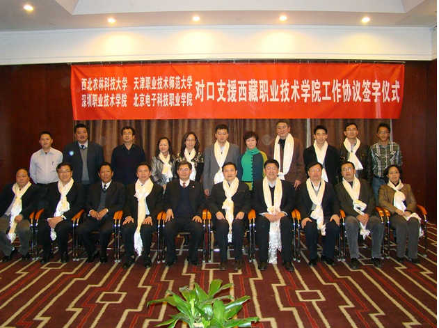2011年12月6日,對口(kǒu)支援西藏職業技術單位簽字(zì)儀式在北京西藏大廈舉行。參加儀式的有教育部高教司張(zhāng)大良司長、天津市教委張向陽(yáng)副巡視(shì)員、天津(jīn)職業技術師範(fàn)大(dà)學副校長孫奇涵、北京電子科技職業學院院長王海(hǎi)平、北(běi)...
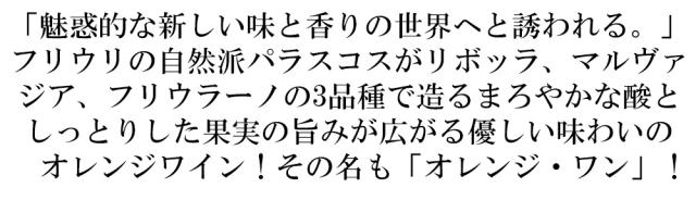 「魅惑的な新しい味と香りの世界へと誘われる。」フリウリの自然派パラスコスがリボッラ、マルヴァジア、フリウラーノの3品種で造るまろやかな酸としっとりした果実の旨みが広がる優しい味わいのオレンジワイン!その名も「オレンジ・ワン」!
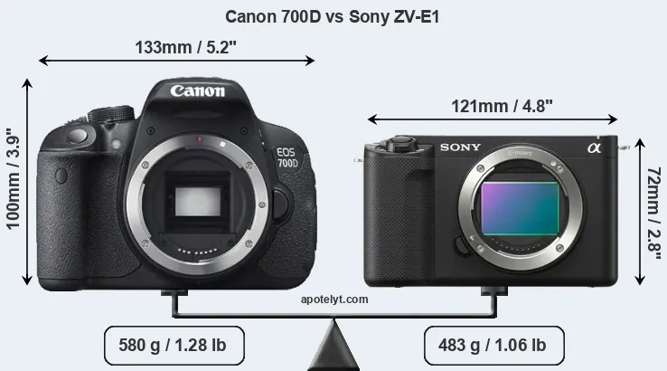 The side-by-side display below illustrates the physical size and weight of the Canon 700D and the Sony ZV-E1. The two cameras are presented according to their relative size. Three consecutive perspectives from the front, the top, and the back are available. All width, height and depth dimensions are rounded to the nearest millimeter.
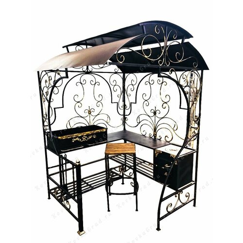 Кованый мангал с крышей "монарх" с полками
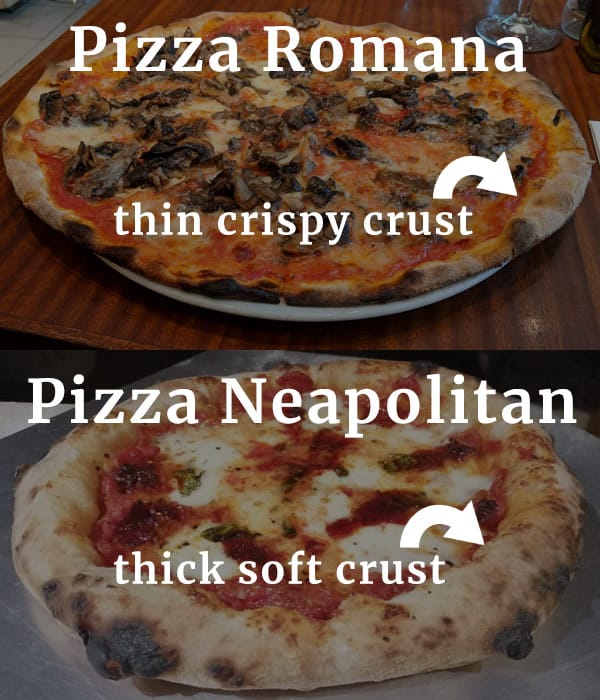 Both Neapolitan style pizza and Roman style pizza are renowned for their excellence. A Romana pizza appeals to those like a really crispy thin crust and a Neapolitan pizza appeals to those that like a thicker crust that is soft in the middle but still crispy on the outside.
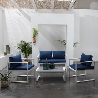 Salon de jardin ibiza en tissu bleu 4 places - aluminium blanc
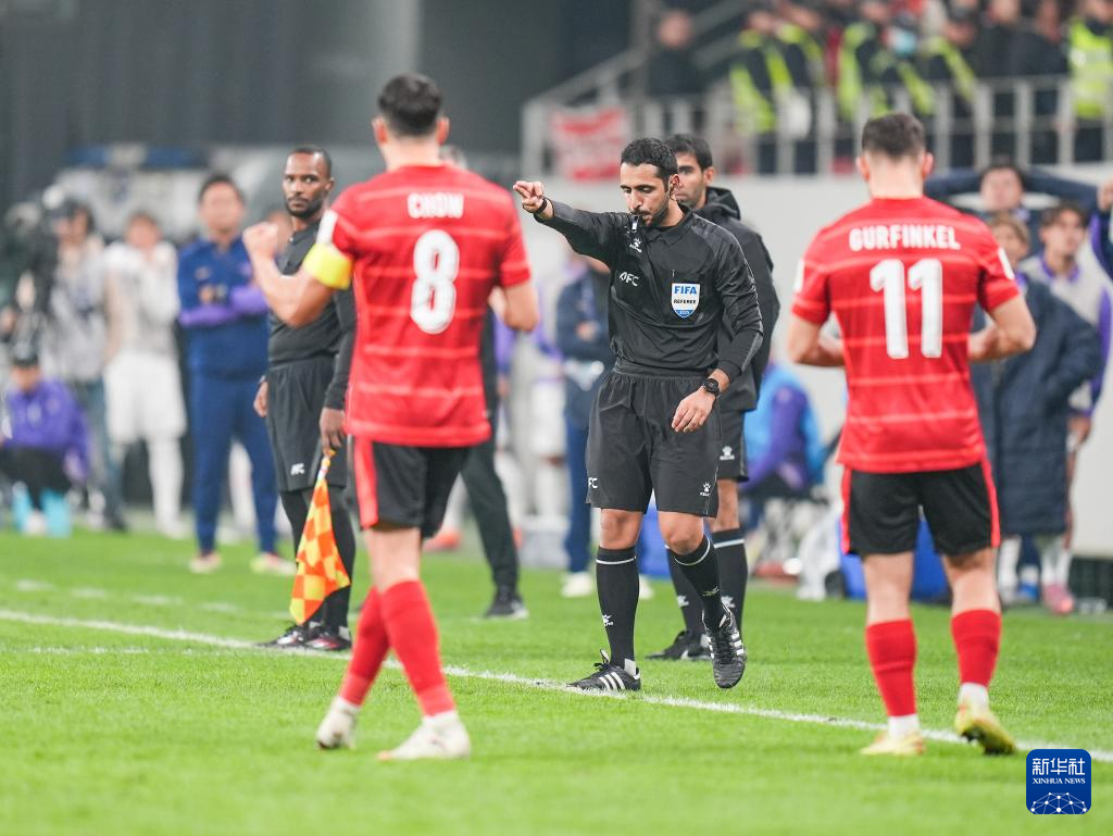 11月25日,主裁判在回看视频助理裁判后判给成都蓉城队点球。新华社记者 王曦 摄
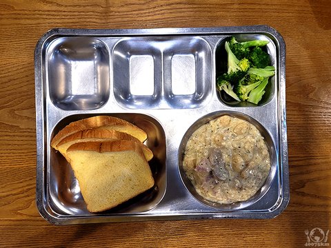 그 대신 도서관 수업 때 쓰고 남은 식빵을 들고 식당으로 내려옵니다.
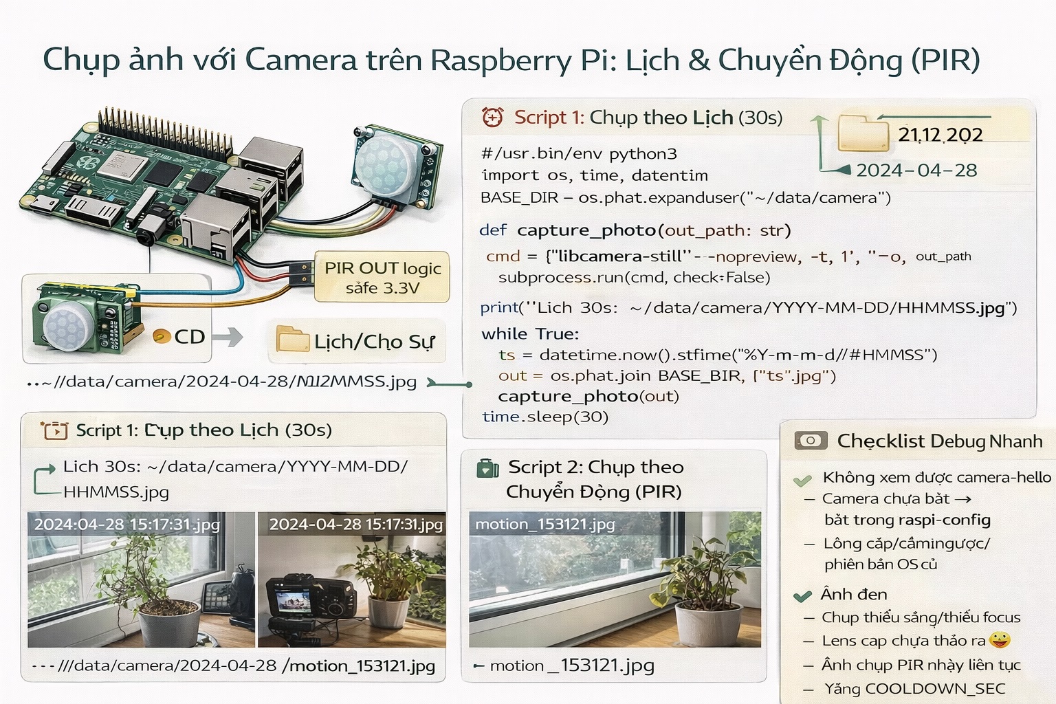 Series: Lập trình Raspberry Pi & Ứng dụng thực tế Phần 2 — Lập trình GPIO & phần cứng Bài 11: Camera cơ bản — chụp ảnh theo lịch / theo sự kiện (PIR) + lưu thư mục
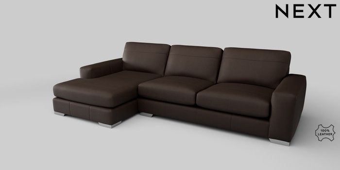 6.12.1 Buy Houghton Leather Deep Sit Large Sofa Chaise - Left Hand Turin Leather Dark Brown Large Square Angle - Chrome Metal from the Next UK online shop Click here to use our accessible website
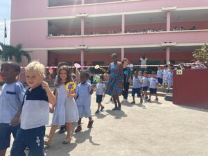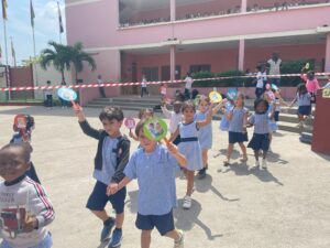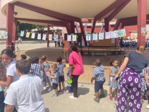 Les élèves de la maternelle ont fait une farandole pour la planète autour de la fontaine du lycée.
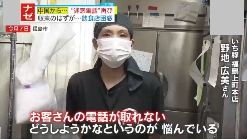 その後、一旦は落ち着きましたが、2024年7月に入って再び福島市内のラーメン店にかかってくるようになったという、中国からの迷惑電話。このラーメン店では営業に支障が出たため、電話線を抜いたということです。
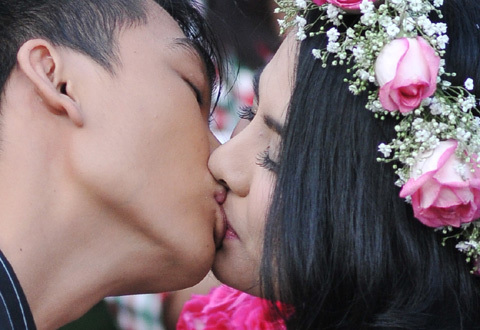 Để cảnh quay đạt hiệu quả, cả hai thường xuyên "được" đạo diễn yêu cầu ôm hôn nhiều lần. Bộ đôi diễn viên trẻ không quá ngại ngần để phối hợp ăn ý, thực hiện những màn khóa môi ngọt ngào, dù đôi lúc vẫn bị phì cười.

**********

§ **WHAT YOU ARE ASKED TO DO**: The task requires restating verbatim the lines from the one that holds "그 대신 도서관 수업 때 쓰고 남은 식빵을 들고 식당으로 내려옵니다." through the end of the listing, both ends counted, and no pictures.

§ **ANSWER**:
 그 대신 도서관 수업 때 쓰고 남은 식빵을 들고 식당으로 내려옵니다.
 Series: Lập trình Raspberry Pi & Ứng dụng thực tế Phần 2 — Lập trình GPIO & phần cứng Bài 11: Camera cơ bản — chụp ảnh theo lịch / theo sự kiện (PIR) + lưu thư mục
 6.12.1 Buy Houghton Leather Deep Sit Large Sofa Chaise - Left Hand Turin Leather Dark Brown Large Square Angle - Chrome Metal from the Next UK online shop Click here to use our accessible website
 Les élèves de la maternelle ont fait une farandole pour la planète autour de la fontaine du lycée.
 その後、一旦は落ち着きましたが、2024年7月に入って再び福島市内のラーメン店にかかってくるようになったという、中国からの迷惑電話。このラーメン店では営業に支障が出たため、電話線を抜いたということです。
 Để cảnh quay đạt hiệu quả, cả hai thường xuyên "được" đạo diễn yêu cầu ôm hôn nhiều lần. Bộ đôi diễn viên trẻ không quá ngại ngần để phối hợp ăn ý, thực hiện những màn khóa môi ngọt ngào, dù đôi lúc vẫn bị phì cười.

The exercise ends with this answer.